(Data excerpts)
--------------------

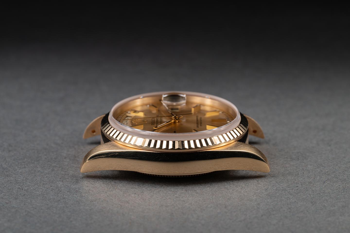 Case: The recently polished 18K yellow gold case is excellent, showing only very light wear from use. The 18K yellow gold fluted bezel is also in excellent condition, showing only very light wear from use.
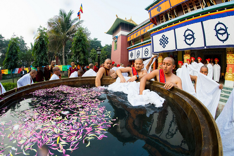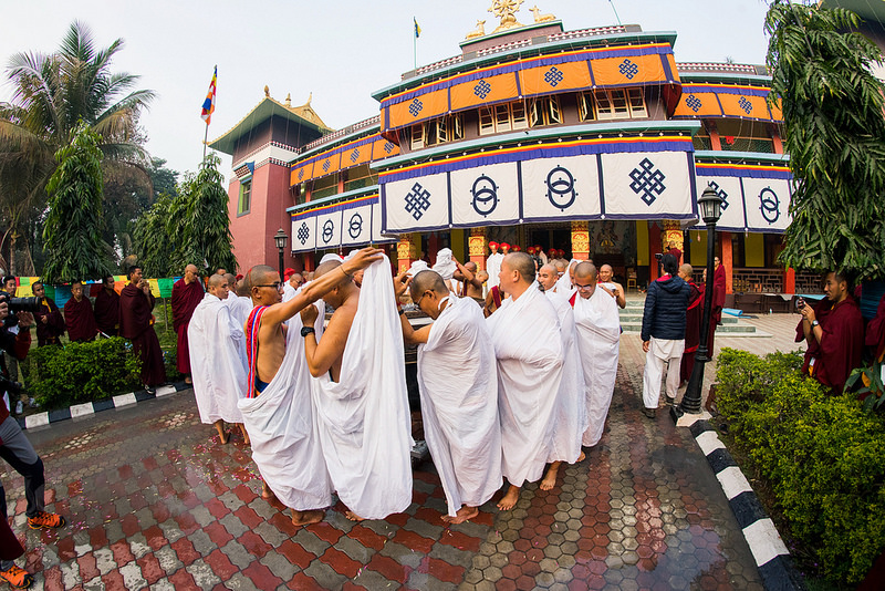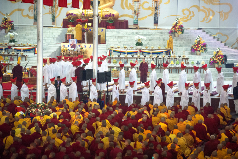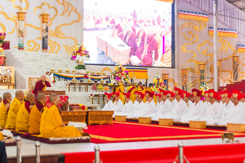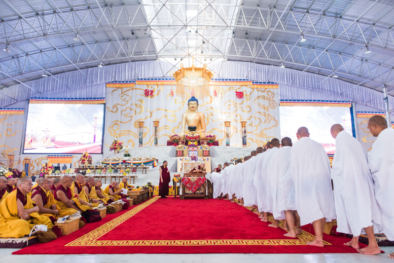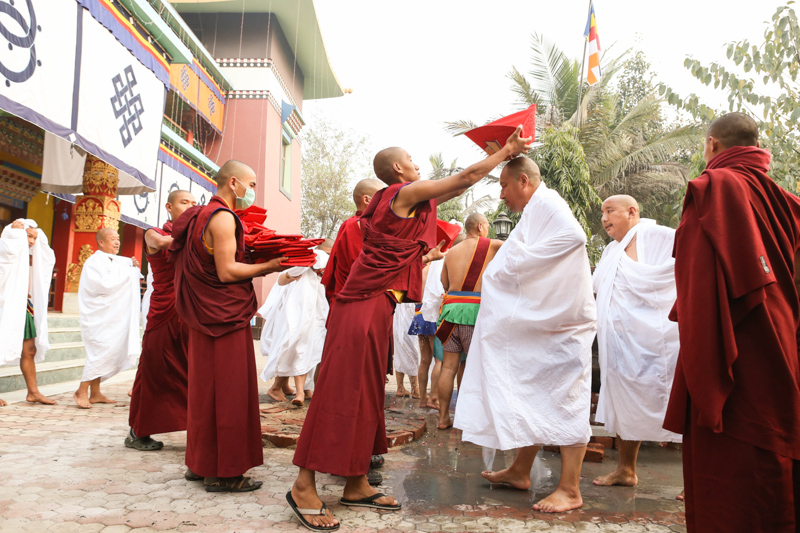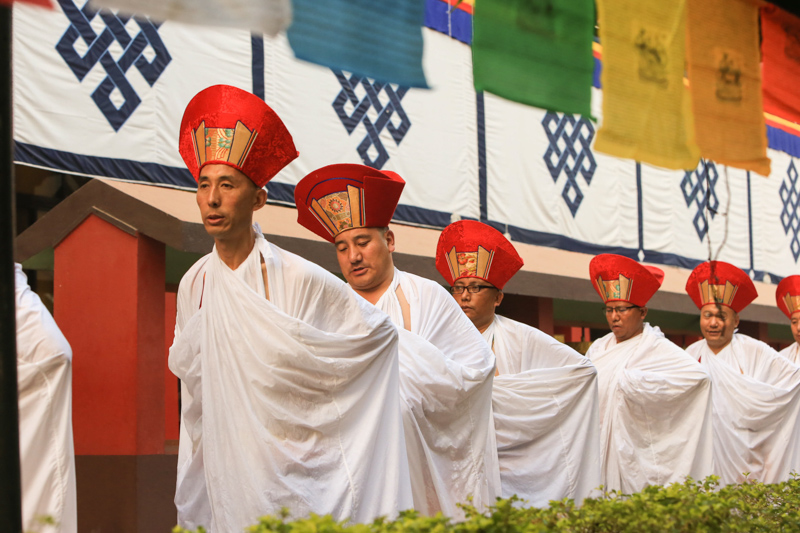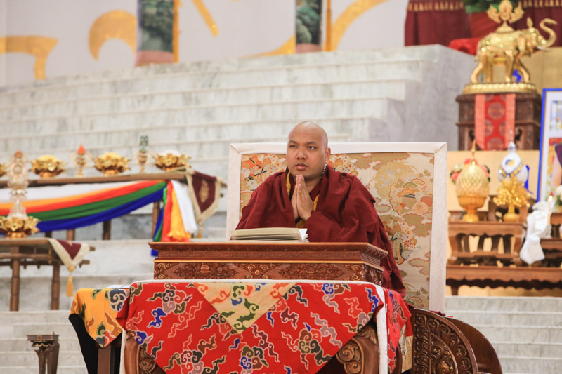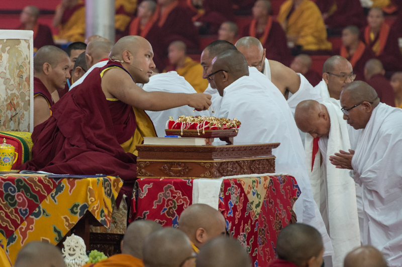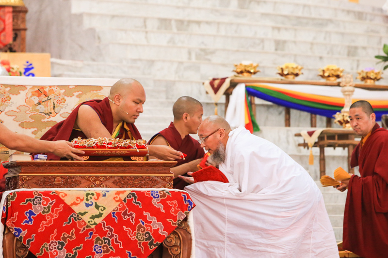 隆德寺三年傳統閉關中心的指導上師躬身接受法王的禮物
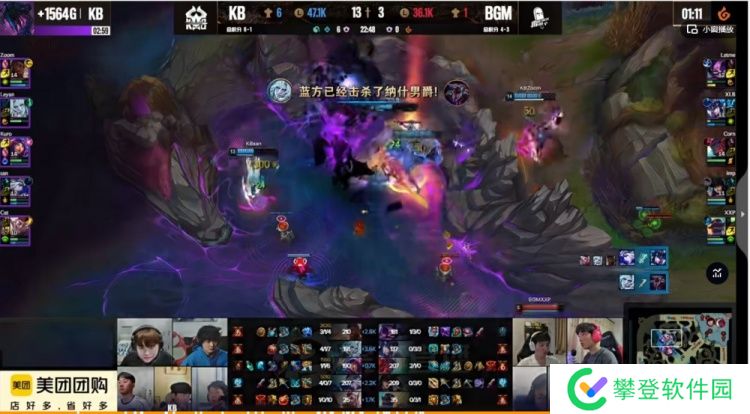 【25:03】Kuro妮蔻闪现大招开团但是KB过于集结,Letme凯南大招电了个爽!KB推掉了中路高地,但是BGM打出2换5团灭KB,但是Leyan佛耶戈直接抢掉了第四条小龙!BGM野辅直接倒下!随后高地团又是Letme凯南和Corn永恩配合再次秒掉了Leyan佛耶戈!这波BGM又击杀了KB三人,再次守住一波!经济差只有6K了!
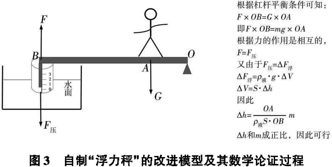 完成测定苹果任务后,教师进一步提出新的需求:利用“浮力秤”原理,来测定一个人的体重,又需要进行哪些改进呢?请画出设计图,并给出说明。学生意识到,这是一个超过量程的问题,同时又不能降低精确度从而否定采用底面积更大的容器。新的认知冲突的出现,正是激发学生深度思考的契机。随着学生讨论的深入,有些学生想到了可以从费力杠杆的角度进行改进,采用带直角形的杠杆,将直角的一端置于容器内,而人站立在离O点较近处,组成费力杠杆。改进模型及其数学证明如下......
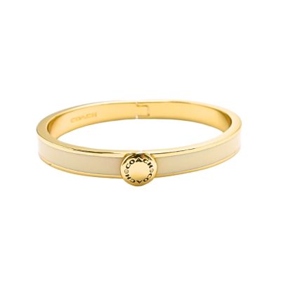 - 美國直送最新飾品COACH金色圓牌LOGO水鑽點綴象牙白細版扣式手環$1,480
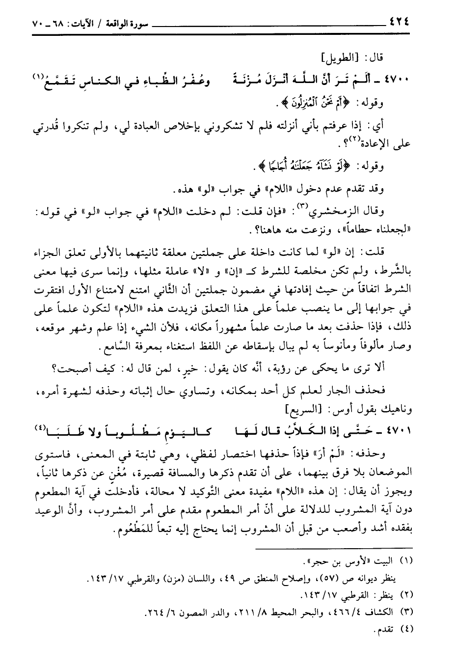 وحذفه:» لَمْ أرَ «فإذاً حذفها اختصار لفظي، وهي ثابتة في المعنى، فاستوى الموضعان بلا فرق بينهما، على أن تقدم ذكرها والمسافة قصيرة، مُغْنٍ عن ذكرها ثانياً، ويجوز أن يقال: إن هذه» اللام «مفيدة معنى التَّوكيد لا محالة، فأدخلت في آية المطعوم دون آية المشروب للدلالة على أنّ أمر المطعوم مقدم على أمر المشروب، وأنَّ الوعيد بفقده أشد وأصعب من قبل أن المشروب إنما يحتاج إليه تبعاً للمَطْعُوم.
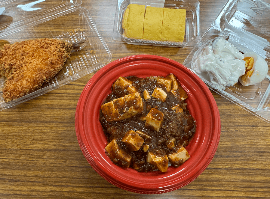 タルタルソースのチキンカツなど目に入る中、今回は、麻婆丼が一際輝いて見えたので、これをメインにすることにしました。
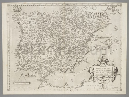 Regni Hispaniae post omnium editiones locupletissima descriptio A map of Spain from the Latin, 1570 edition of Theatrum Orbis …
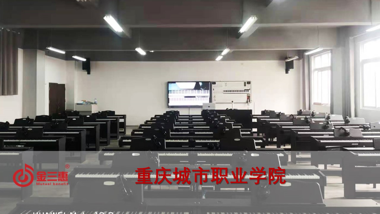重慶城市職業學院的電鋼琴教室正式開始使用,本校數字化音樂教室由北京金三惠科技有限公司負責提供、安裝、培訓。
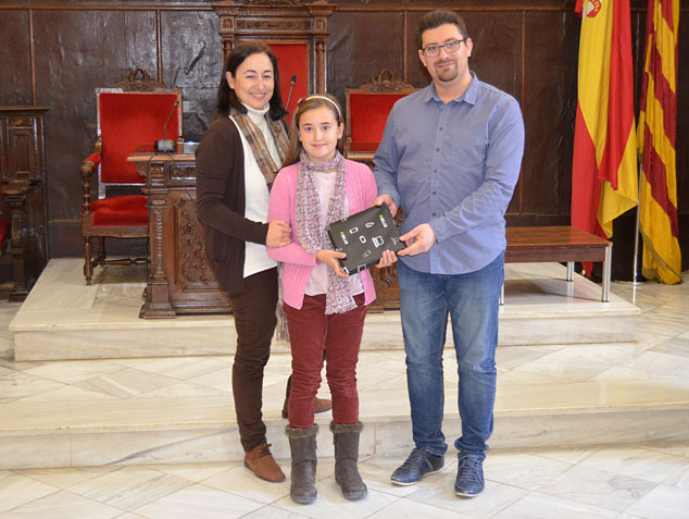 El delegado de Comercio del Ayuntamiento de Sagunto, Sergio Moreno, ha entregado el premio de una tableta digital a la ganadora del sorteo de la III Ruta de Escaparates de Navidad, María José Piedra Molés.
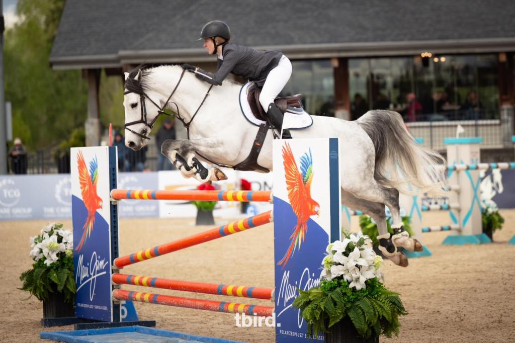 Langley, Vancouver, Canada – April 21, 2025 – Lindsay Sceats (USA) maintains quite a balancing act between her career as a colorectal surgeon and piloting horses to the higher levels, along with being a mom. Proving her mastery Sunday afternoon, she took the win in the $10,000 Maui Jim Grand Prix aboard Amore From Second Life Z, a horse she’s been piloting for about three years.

--------------------

Problem to work on:
Beginning with the line above that contains "- 美國直送最新飾品COAC" and ending with the line that contains "重慶城市職業學院的電鋼琴教室", quote each line exactly, keeping out the pictures.

Problem solution:
 - 美國直送最新飾品COACH金色圓牌LOGO水鑽點綴象牙白細版扣式手環$1,480
 وحذفه:» لَمْ أرَ «فإذاً حذفها اختصار لفظي، وهي ثابتة في المعنى، فاستوى الموضعان بلا فرق بينهما، على أن تقدم ذكرها والمسافة قصيرة، مُغْنٍ عن ذكرها ثانياً، ويجوز أن يقال: إن هذه» اللام «مفيدة معنى التَّوكيد لا محالة، فأدخلت في آية المطعوم دون آية المشروب للدلالة على أنّ أمر المطعوم مقدم على أمر المشروب، وأنَّ الوعيد بفقده أشد وأصعب من قبل أن المشروب إنما يحتاج إليه تبعاً للمَطْعُوم.
 タルタルソースのチキンカツなど目に入る中、今回は、麻婆丼が一際輝いて見えたので、これをメインにすることにしました。
 Regni Hispaniae post omnium editiones locupletissima descriptio A map of Spain from the Latin, 1570 edition of Theatrum Orbis …
重慶城市職業學院的電鋼琴教室正式開始使用,本校數字化音樂教室由北京金三惠科技有限公司負責提供、安裝、培訓。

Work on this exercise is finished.